Гордый и обидчивый он тщился не думать о той ради кого поедет обязательно поедет в Самару дела-заботы заслоняли но так ненадолго и так непрочно от любви естество побеждало он не поминал даже её имени во всяком случае пытался уверить себя в полнейшем спокойствии безразличии равнодушии но что бы там себе ни говорил ни внушал в чём бы ни пытался убедить своё гордое «я» за скопом мятежных своевольных волнующих стрекал всё-таки прятался самый сильный из толчков — скрываемое и безуспешно бичуемое им чувство любви успевшей затвердеть и переполнить воинское сердце Любви к женщине единственной и неодолимо тянущей…

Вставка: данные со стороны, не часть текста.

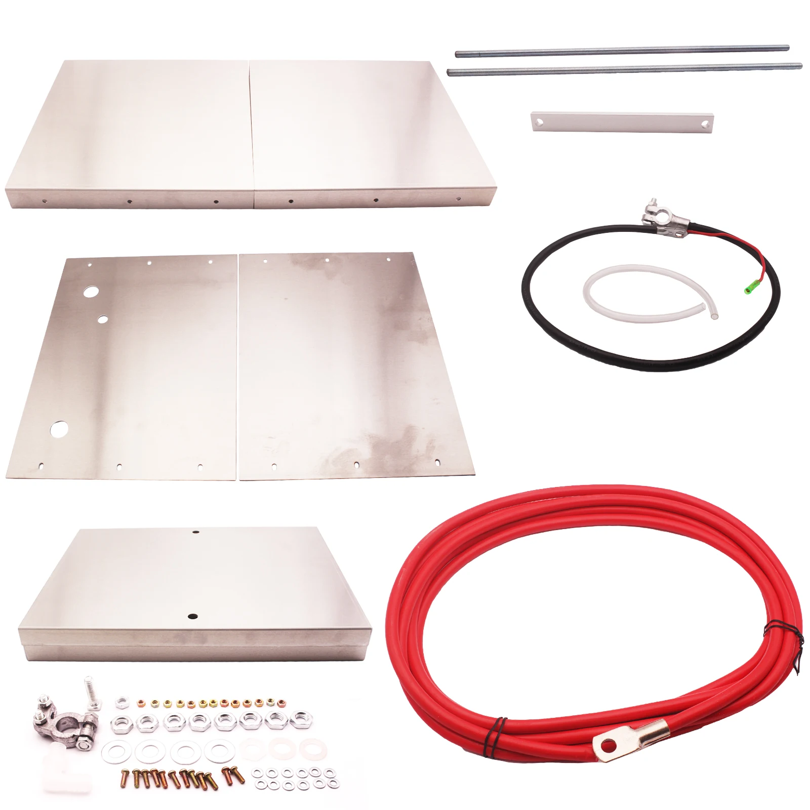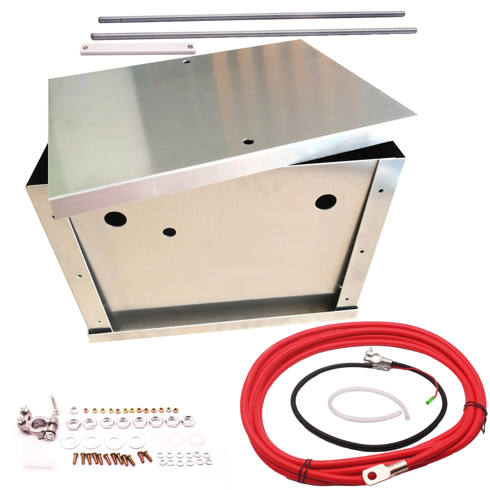 Description - Satin Finish - 3/8" - .375 Thick ( Strongest Hold Down Bracket ) - 8.1 NHRA Legal - Strongest / Lightest Kit ( 4.5lbs ) - Mounting Hardware Included - Clear PVC Protective Film Coating ( Exclusive Feature ) - 4' Feet of 4 Gauge Negative Wire - 16' Feet of 2 Gauge Positive Wire - Box Dimensions 13.5" x 10" x 10" - Above Dimensions = Width x Length x Height We offer a fully sealed box that will handle every application from street to race vehicle and custom truck or suv applications. This is a true bolt in kit for your vehicle. Kit comes complete with battery connections and performance wire positive and negative battery cable. Not import or cheap cable like many other kits include. Hardware includes stainless steel threaded rod not cheap metal bars or low end hardware like all the big companies sell. The breather fitting, breather tube, grommets and battery hold down with wing nuts for an easy install. Fits these Vehicles: Universal Battery Box System can be installedin any vehicle. Without Question the highest quality battey box system available

А чем больше вспоминал о прошедшем, тем сильнее убеждался в дурацкой непоследовательности, бесполезности и губительности своих поступков. Так ли вёл себя в доме Елчаниновых? Нужно ли было мямлить все эти вежливые, нелепые, пустые, робкие, сопливые глупости? Не вернее ль было решительно и цепко схватить невесту, полонить в объятия, завоевать, обессилить, прижать к груди, пасть пред отче её и выкрикнуть с вызовом: «Казни-дери-секи, коль хошь! Но только дочь твою люблю! Пуще света, пуще жизни! И никто, хоть сам шайтан, не заставит отпустить меня её, покуда не дашь ты родительского благословения на нашу свадьбу…».